Maastricht MultiModal Molecular Imaging (M4i) Institute, Division of Imaging Mass Spectrometry, Maastricht University, 6229 ER, Maastricht, The Netherlands.
Janssen Research & Development, 2340, Beerse, Belgium.
Anal Bioanal Chem. 2021 Apr;413(10):2779-2791. doi: 10.1007/s00216-021-03210-0. Epub 2021 Mar 26.
Mass spectrometry imaging (MSI) provides insight into the molecular distribution of a broad range of compounds and, therefore, is frequently applied in the pharmaceutical industry. Pharmacokinetic and toxicological studies deploy MSI to localize potential drugs and their metabolites in biological tissues but currently require other analytical tools to quantify these pharmaceutical compounds in the same tissues. Quantitative mass spectrometry imaging (Q-MSI) is a field with challenges due to the high biological variability in samples combined with the limited sample cleanup and separation strategies available prior to MSI. In consequence, more selectivity in MSI instruments is required. This can be provided by multiple reaction monitoring (MRM) which uses specific precursor ion-product ion transitions. This targeted approach is in particular suitable for pharmaceutical compounds because their molecular identity is known prior to analysis. In this work, we compared different analytical platforms to assess the performance of MRM detection compared to other MS instruments/MS modes used in a Q-MSI workflow for two drug candidates (A and B). Limit of detection (LOD), linearity, and precision and accuracy of high and low quality control (QC) samples were compared between MS instruments/modes. MRM mode on a triple quadrupole mass spectrometer (QqQ) provided the best overall performance with the following results for compounds A and B: LOD 35.5 and 2.5 μg/g tissue, R 0.97 and 0.98 linearity, relative standard deviation QC <13.6%, and 97-112% accuracy. Other MS modes resulted in LOD 6.7-569.4 and 2.6-119.1 μg/g tissue, R 0.86-0.98 and 0.86-0.98 linearity, relative standard deviation QC < 19.4 and < 37.5%, and 70-356% and 64-398% accuracy for drug candidates A and B, respectively. In addition, we propose an optimized 3D printed mimetic tissue model to increase the overall analytical throughput of our approach for large animal studies. The MRM imaging platform was applied as proof-of-principle for quantitative detection of drug candidates A and B in four dog livers and compared to LC-MS. The Q-MSI concentrations differed <3.5 times with the concentrations observed by LC-MS. Our presented MRM-based Q-MSI approach provides a more selective and high-throughput analytical platform due to MRM specificity combined with an optimized 3D printed mimetic tissue model.

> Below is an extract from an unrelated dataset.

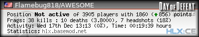 | Rank | Server | Kills | % | Ratio | Deaths | K:D | Headshots | Percentage of Headshots | % | HS:K |

质谱成像(MSI)提供了对广泛化合物的分子分布的深入了解,因此经常应用于制药行业。药代动力学和毒理学研究利用 MSI 来定位生物组织中的潜在药物及其代谢物,但目前需要其他分析工具来定量同一组织中的这些药物化合物。定量质谱成像(Q-MSI)是一个具有挑战性的领域,因为样品中存在高度的生物学变异性,并且在进行 MSI 之前可用的样品净化和分离策略有限。因此,MSI 仪器需要更高的选择性。这可以通过多反应监测(MRM)来提供,MRM 利用特定的前体离子-产物离子转换。这种靶向方法特别适用于药物化合物,因为在分析之前就知道它们的分子身份。在这项工作中,我们比较了不同的分析平台,以评估 MRM 检测与 Q-MSI 工作流程中用于两种候选药物(A 和 B)的其他 MS 仪器/模式的性能。在 MS 仪器/模式之间比较了高、低质控(QC)样品的检测限(LOD)、线性度、精密度和准确度。三重四极杆质谱仪(QqQ)上的 MRM 模式提供了最佳的整体性能,对于化合物 A 和 B ,结果如下:LOD 为 35.5 和 2.5 μg/g 组织,线性度 R 为 0.97 和 0.98,相对标准偏差 QC <13.6%,准确度为 97-112%。其他 MS 模式的 LOD 为 6.7-569.4 和 2.6-119.1 μg/g 组织,线性度 R 为 0.86-0.98 和 0.86-0.98,相对标准偏差 QC <19.4% 和 <37.5%,准确度为 70-356%和 64-398%,分别为候选药物 A 和 B。此外,我们提出了一种优化的 3D 打印仿生组织模型,以提高我们的方法在大型动物研究中的整体分析通量。MRM 成像平台被应用于定量检测四种狗肝中的候选药物 A 和 B,并与 LC-MS 进行了比较。Q-MSI 浓度与 LC-MS 观察到的浓度相差<3.5 倍。我们提出的基于 MRM 的 Q-MSI 方法由于 MRM 的特异性与优化的 3D 打印仿生组织模型相结合,提供了一种更具选择性和高通量的分析平台。